Après trois semaines au Fort de Brégançon, Emmanuel Macron rencontre son gouvernement mercredi à l’Élysée. Des retrouvailles précédées mardi soir d’un dîner de travail avec la Première ministre Élisabeth Borne pour évoquer les grandes priorités de la rentrée. L’agenda présidentiel reste largement occupé par les questions internationales. Ces derniers jours, Macron s’est entretenu avec les présidents ukrainien et russe Volodymyr Zelensky et Vladimir Poutine, mais aussi avec des dirigeants américains, britanniques et allemands au sujet de la centrale nucléaire ukrainienne de Zaporijia. Et jeudi, au lendemain du Conseil des ministres, il sera en Algérie pour une visite de trois jours.

Mais depuis Bormes-les-Mimosas (Var), lors d’un discours de commémoration, le chef de l’Etat a aussi semblé donner le ton d’un retour en France potentiellement compliqué. Après avoir dénoncé « attaque brutale » Russe en Ukraine, il a appelé les Français à « Regarder en face le temps qui vient, résister aux incertitudes » et « accepter de payer le prix de notre liberté et de nos valeurs. Remarques « extraordinairement dérangeant, anxiogène »a jugé le député Les Républicains Éric Ciotti.

Un discours « préparation d’avis », selon Benjamin Morel, maître de conférences en droit public (Paris II Panthéon-Assas), alors que de lourdes décisions attendent l’exécutif sur le budget, la politique énergétique et l’inflation sont dans tous les esprits. La période estivale a également été marquée par une succession de drames climatiques, de la sécheresse aux incendies en passant par les tempêtes meurtrières en Corse. « Cet été a tout accumulé (…) Nous avons tous touché à ce que le mot « dérégulation climatique » signifie et provoque dans notre vie quotidienne »a résumé le porte-parole du gouvernement, Olivier Véran.

« Mobilisation générale »

Le temps est donc « mobilisation générale » avec une commande, « sobriété énergétique », selon l’entourage du président. La « la souveraineté »la « bataille pour le climat » et « l’égalité des chances » forment les priorités de cette rentrée que l’exécutif aborde « avec sérénité, quand il y a une orientation claire, de la cohérence et de la constance dans l’action », selon la même source. La transition énergétique figurera en bonne place dans le discours du gouvernement, qui présentera à l’automne un projet de loi pour accélérer les énergies renouvelables. Un séminaire gouvernemental notamment consacré à l’écologie se tiendra la semaine prochaine, et le Premier ministre doit également lui consacrer un discours à l’université de rentrée du Medef. « Il y a la volonté de montrer qu’ils sont à l’offensive » sur ce thème. « Cela suffira-t-il ? Ce n’est pas facile, mais ça aide à mettre les choses dans une histoire. »selon Benjamin Morel.

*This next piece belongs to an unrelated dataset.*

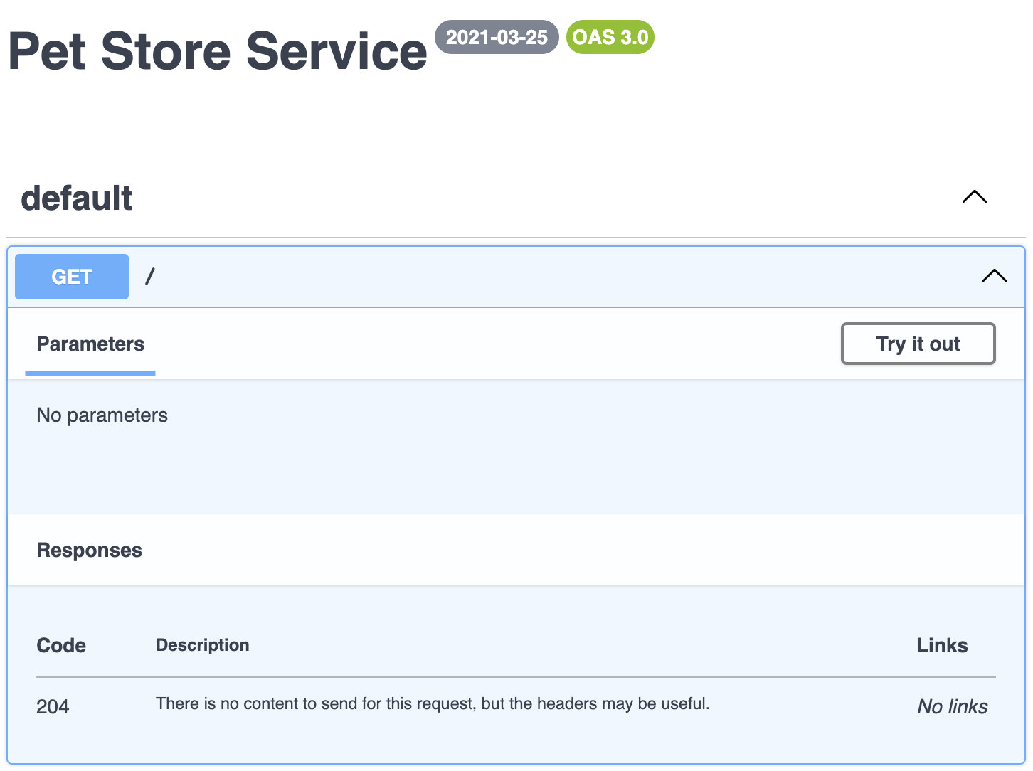 op ping(): void;openapi: 3.0.0info: title: Pet Store Service version: 2021-03-25tags: []paths: /: get: operationId: ping parameters: [] responses: "204": description: "There is no content to send for this request, but the headers may be useful. "components: {}data:text/plain;base64,W3NlY29uZGFyeV1+ICQgWy9zZWNvbmRhcnldIHNwZWN0cmFsIGxpbnQgb3BlbmFwaS55YW1sCgpbYnJhbmQudW5kZXJsaW5lXS9vcGVuYXBpLnlhbWxbL2JyYW5kLnVuZGVybGluZV0KIDE6MSAgW3dhcm5pbmddd2FybmluZ1svd2FybmluZ10gIG9hczMtYXBpLXNlcnZlcnMgICAgICAgT3BlbkFQSSAic2VydmVycyIgbXVzdCBiZSBwcmVzZW50IGFuZCBub24tZW1wdHkgYXJyYXkuCiAyOjYgIFt3YXJuaW5nXXdhcm5pbmdbL3dhcm5pbmddICBpbmZvLWNvbnRhY3QgICAgICAgICAgIEluZm8gb2JqZWN0IG11c3QgaGF2ZSAiY29udGFjdCIgb2JqZWN0LiAgICAgICAgICAgICAgICAgICAgICAgIGluZm8KIDI6NiAgW3dhcm5pbmddd2FybmluZ1svd2FybmluZ10gIGluZm8tZGVzY3JpcHRpb24gICAgICAgSW5mbyAiZGVzY3JpcHRpb24iIG11c3QgYmUgcHJlc2VudCBhbmQgbm9uLWVtcHR5IHN0cmluZy4gICAgICAgaW5mbwogODo5ICBbd2FybmluZ113YXJuaW5nWy93YXJuaW5nXSAgb3BlcmF0aW9uLWRlc2NyaXB0aW9uICBPcGVyYXRpb24gImRlc2NyaXB0aW9uIiBtdXN0IGJlIHByZXNlbnQgYW5kIG5vbi1lbXB0eSBzdHJpbmcuICBwYXRocy4vLmdldAogODo5ICBbd2FybmluZ113YXJuaW5nWy93YXJuaW5nXSAgb3BlcmF0aW9uLXRhZ3MgICAgICAgICBPcGVyYXRpb24gbXVzdCBoYXZlIG5vbi1lbXB0eSAidGFncyIgYXJyYXkuICAgICAgICAgICAgICAgICAgICBwYXRocy4vLmdldAo=

D’autres chantiers compliqués attendent le gouvernement, quelques semaines après une première session parlementaire consacrée à l’adoption de mesures sur le pouvoir d’achat, dans le contexte inédit d’absence de majorité absolue à l’Assemblée nationale. Faute de session extraordinaire en septembre, les débats à l’Assemblée et au Sénat ne reprendront qu’en octobre. « On va continuer sur cette voie de la concertation, c’est ce qui marche le plus » et « C’est le message que nous ont envoyé les Français lors des élections législatives »a expliqué Olivier Véran.

Les discussions s’annoncent d’autant plus houleuses que « L’agenda de la rentrée sera aussi marqué par le travail »a rappelé Emmanuel Macron, avec l’objectif revendiqué de « le plein emploi » durant ce deuxième quinquennat. Premier volet attendu en la matière : un texte sur l’assurance-chômage qui devrait prolonger le durcissement de l’accès aux allocations et qui suscite l’hostilité de la gauche et des syndicats. Le patron de la CFDT Laurent Berger est également attendu à partir de mercredi après-midi à Matignon. Se profile également à l’horizon une autre épreuve majeure : le budget. Une épreuve pour laquelle le camp présidentiel n’exclut pas d’activer le 49-3, qui permet une adoption sans vote en engageant la responsabilité du gouvernement.